Standard normal N(0,1) has mean 0 and variance 1. Transform: Z=(X−μ)/σ converts any normal to standard normal. Z-scores measure standardized distance from mean, enabling comparison across scales and use of standard normal tables.
From your study of the normal distribution, you know that X ~ N(μ, σ²) describes a bell-shaped distribution centered at μ with spread determined by σ. The standard normal N(0, 1) is not a different kind of object — it is the same bell curve, simply recentered at 0 and rescaled so that one standard deviation equals one unit. The transformation Z = (X − μ)/σ accomplishes exactly this: subtracting μ shifts the center to 0, and dividing by σ rescales the spread to 1. Every normal distribution, regardless of its mean and variance, collapses to the same N(0, 1) under this transformation.

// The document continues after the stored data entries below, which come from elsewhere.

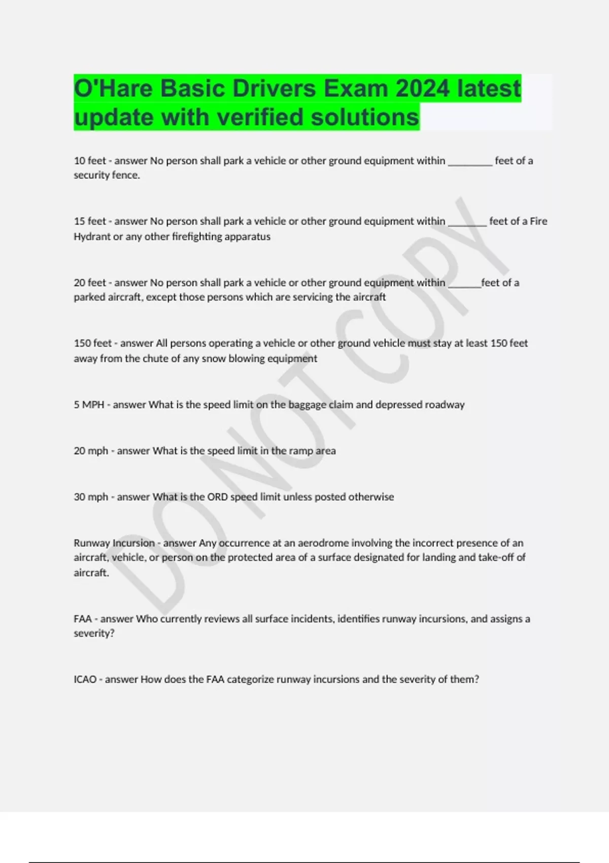 O'Hare Basic Drivers Exam 2024 latest update with verified solutions.
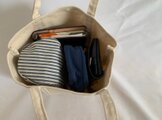 小さなトートバッグはお散歩やちょっとそこまで・・・のお買い物などに便利です。
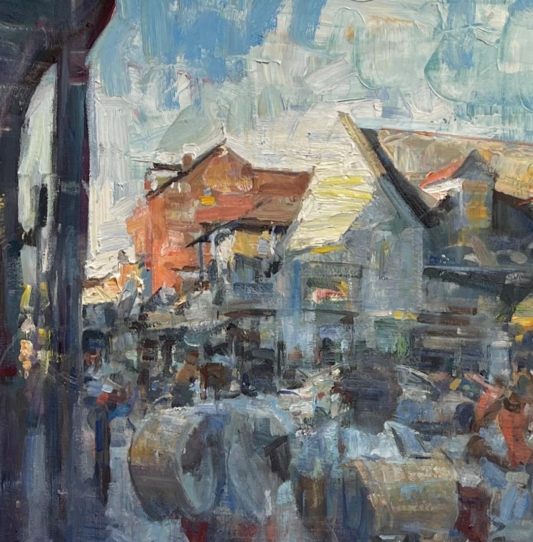 Christopher Clark's (US based) "Bustling Alley at Dusk" is an original, handmade oil painting that depicts a dreamy cityscape that features turn of the century buildings lining an alley where throngs of people gather at cafes and walk past in the light of the setting sun.
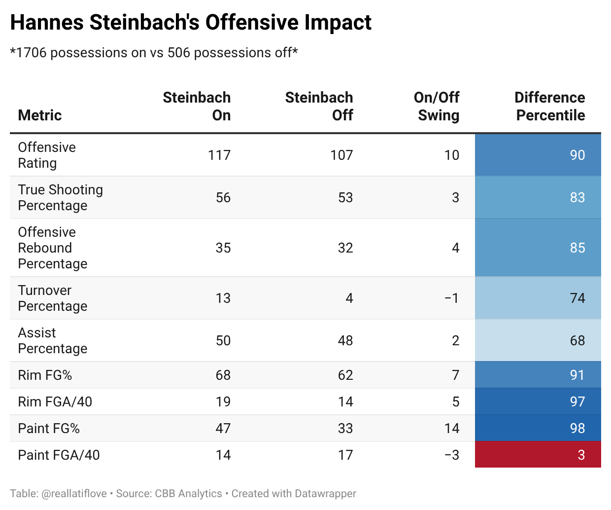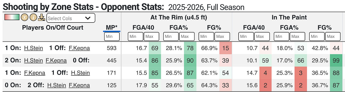 As the graphic below shows, teams attacked the rim more when Steinbach was at the five and scored at an extremely high rate compared to when he was off the floor entirely or playing the four next to Kepnang.
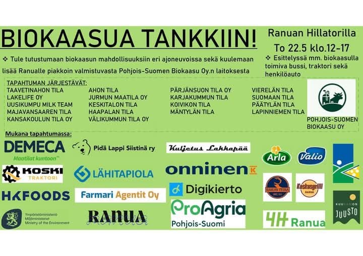 Tule tutustumaan biokaasun mahdollisuuksiin eri ajoneuvoissa ja kuulemaan lisää Ranualle piakkoin valmistuvasta Pohjois-Suomen Biokaasun Oy:n laitoksesta.
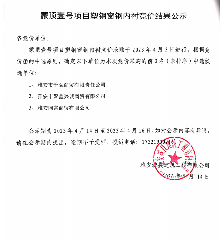 蒙頂壹號(hào)項(xiàng)目塑鋼窗內(nèi)襯競(jìng)價(jià)結(jié)果公示
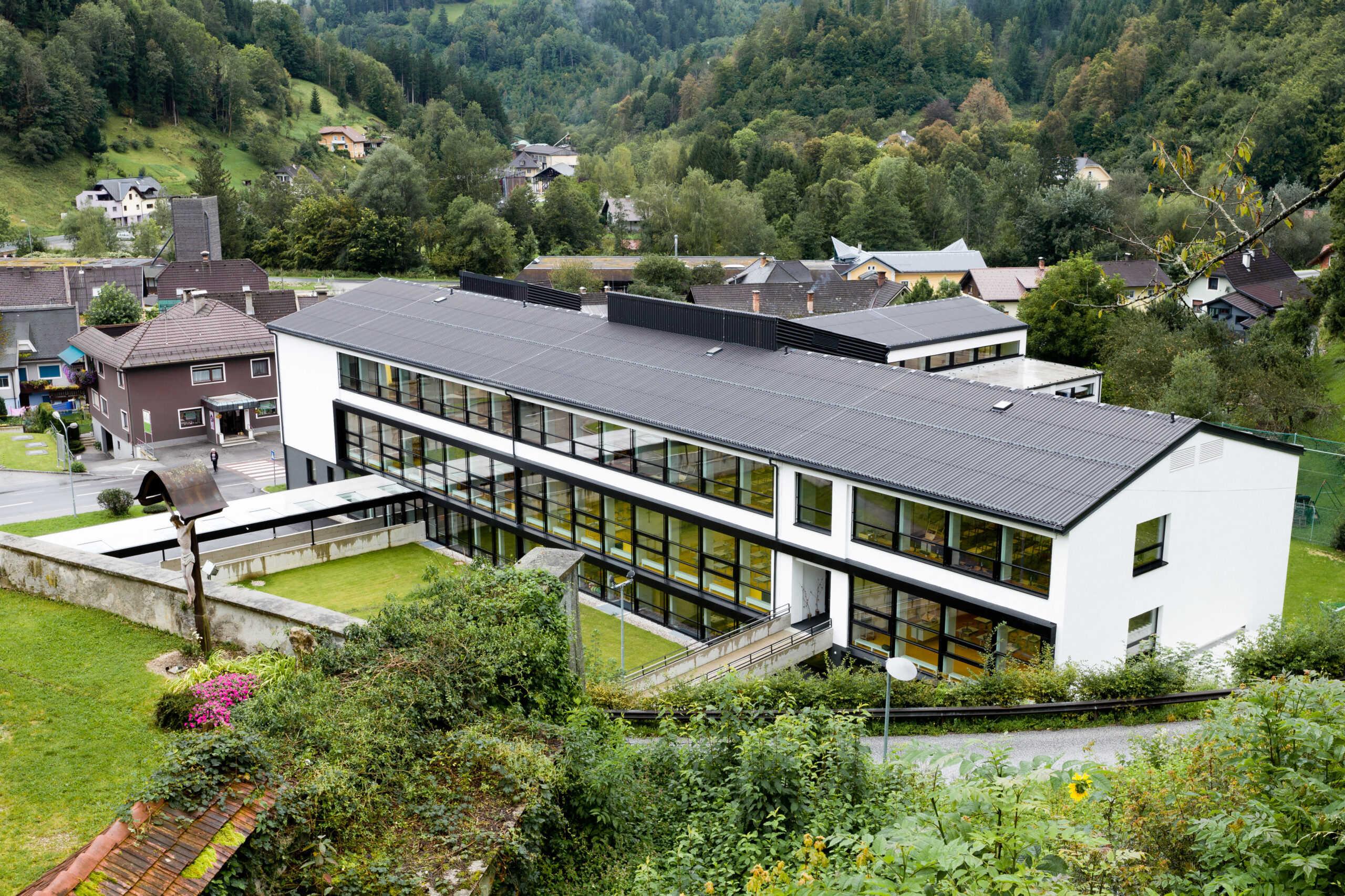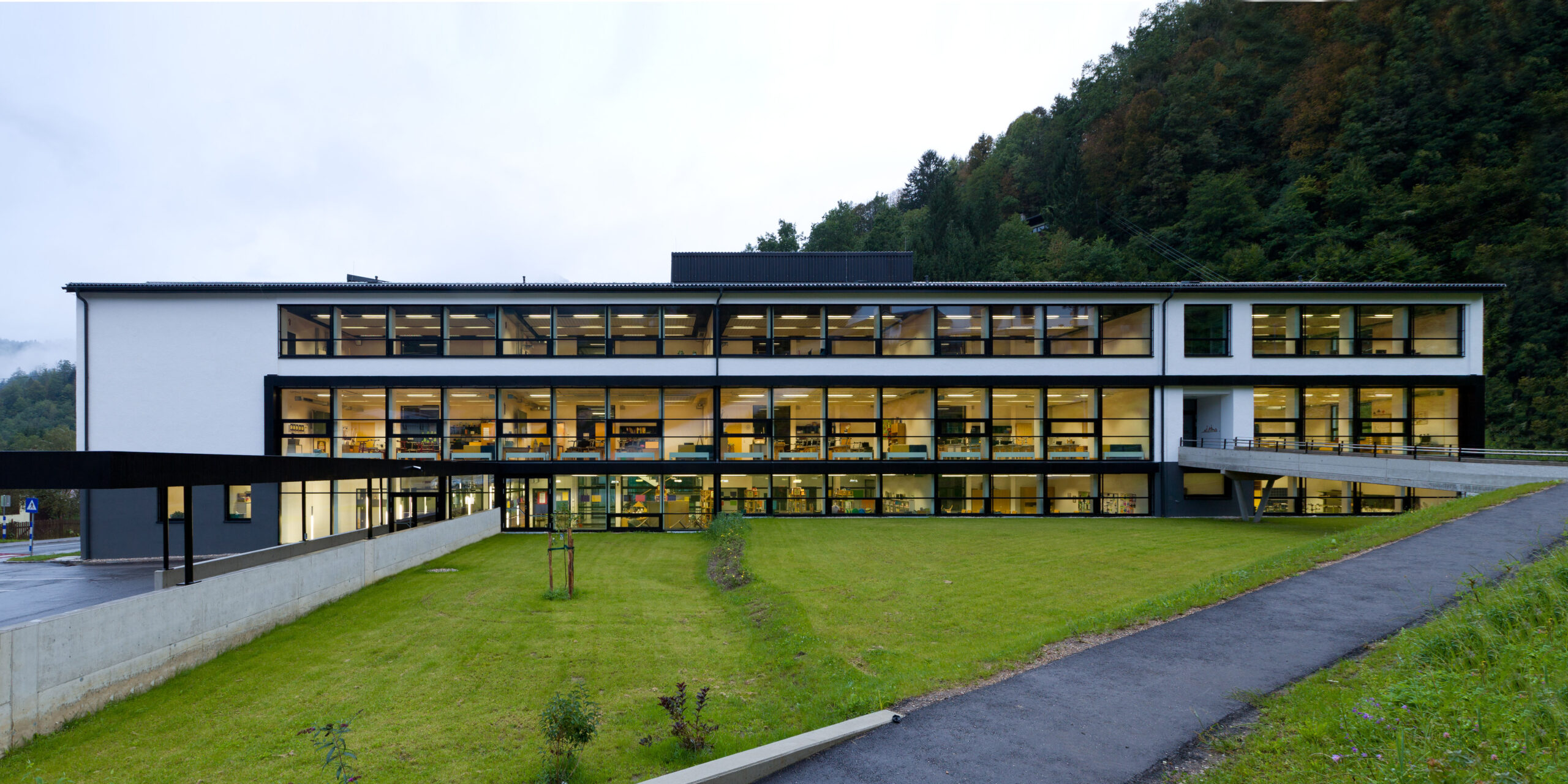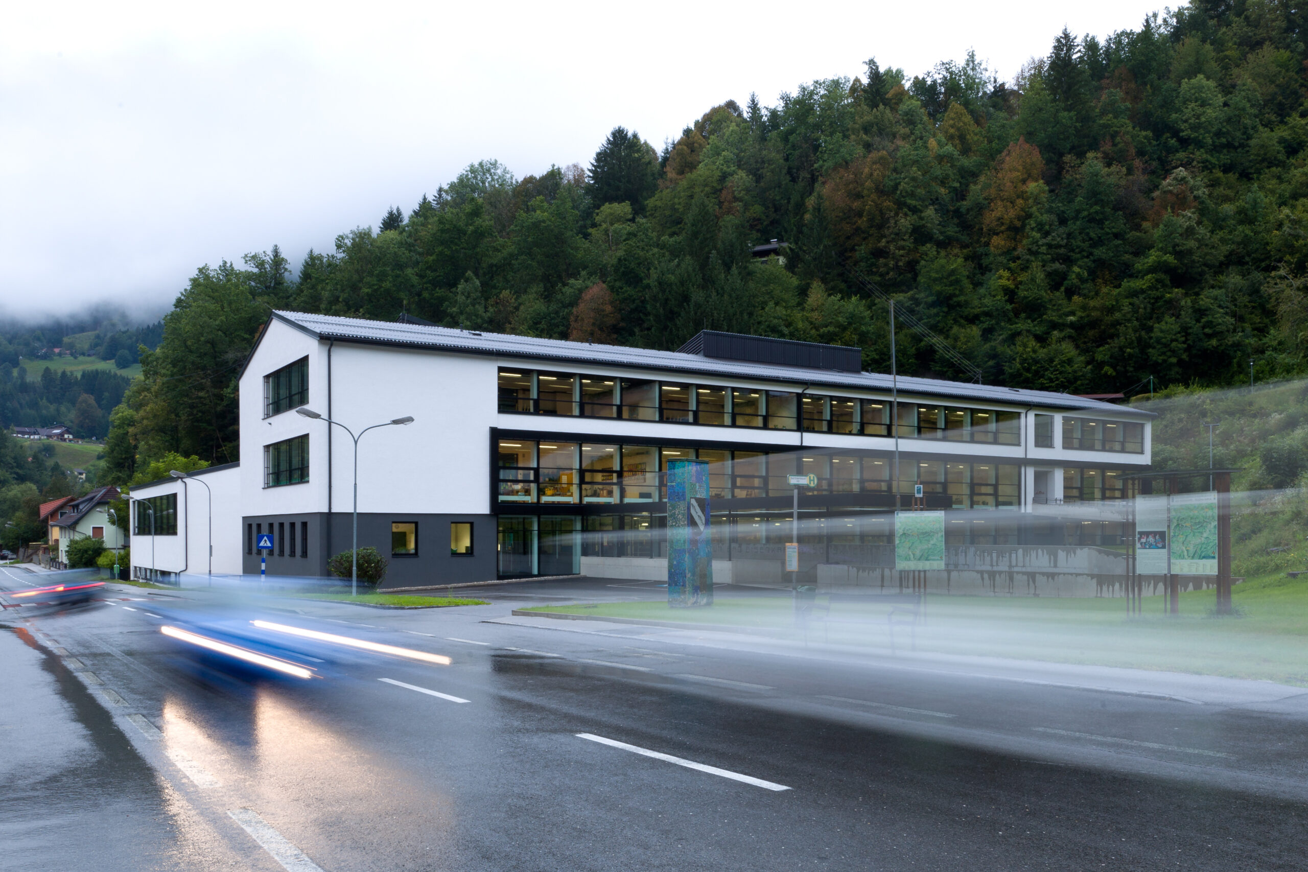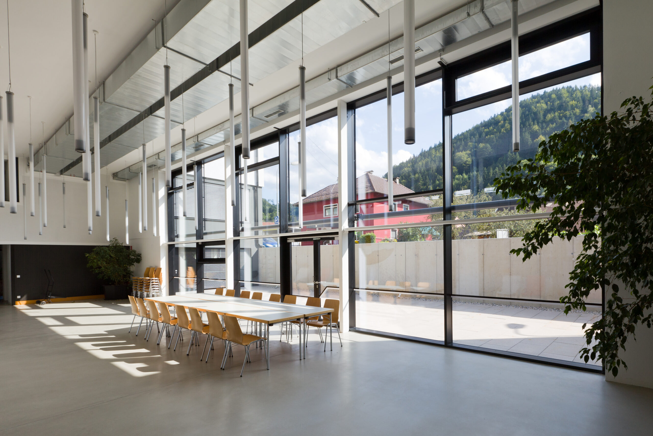 Das Bildungszentrum vereint die Volksschule, die Neue Mittelschule und die Musikschule unter einem Dach und setzt dabei auf klare, eigenständige Strukturen für jeden Schultyp. Das bestehende Schulgebäude aus den späten 1960er Jahren wurde in seiner Großzügigkeit erhalten und durch gezielte Öffnungen und Belichtungsmaßnahmen den neuen Anforderungen angepasst. Die Herausforderung bestand darin, drei unterschiedliche Schultypen innerhalb der bestehenden Struktur unterzubringen, ohne zusätzlichen Baukörper zu errichten, und gleichzeitig moderne Unterrichtsformen zu ermöglichen.

The Z-score Z = (X − μ)/σ has an immediate interpretation: it tells you how many standard deviations the value X sits above or below the mean. A Z-score of 2 means X is two standard deviations above μ; a Z-score of −1.5 means it is 1.5 standard deviations below. This standardized distance is scale-free, which makes it useful for comparison. If a student scores 72 on a test with μ = 65, σ = 10, and 85 on another with μ = 80, σ = 15, the Z-scores are (72−65)/10 = 0.7 and (85−80)/15 = 0.33 respectively — the first score was actually stronger relative to its distribution.
The practical power of standardization comes from probability tables. Computing P(X ≤ x) for an arbitrary N(μ, σ²) requires integrating the normal density, which has no closed form. But the transformation P(X ≤ x) = P(Z ≤ (x−μ)/σ) = Φ((x−μ)/σ) converts the problem to a lookup in a single table of the standard normal CDF Φ(z). This is why a single Z-table can answer probability questions for any normal distribution — the shape is universal once you standardize.
The Z-score framework also underlies the structure of hypothesis testing you will encounter when building on this topic. When you later test hypotheses about a population mean, you compute a test statistic of the form Z = (X̄ − μ₀)/(σ/√n), which is exactly standardization applied to the sample mean. The denominator σ/√n is the standard deviation of X̄, so this Z-score measures how many "sampling standard deviations" the observed mean sits from the hypothesized value. The logic is the same: translate a raw difference into a standardized, scale-free number that can be located on the universal normal curve.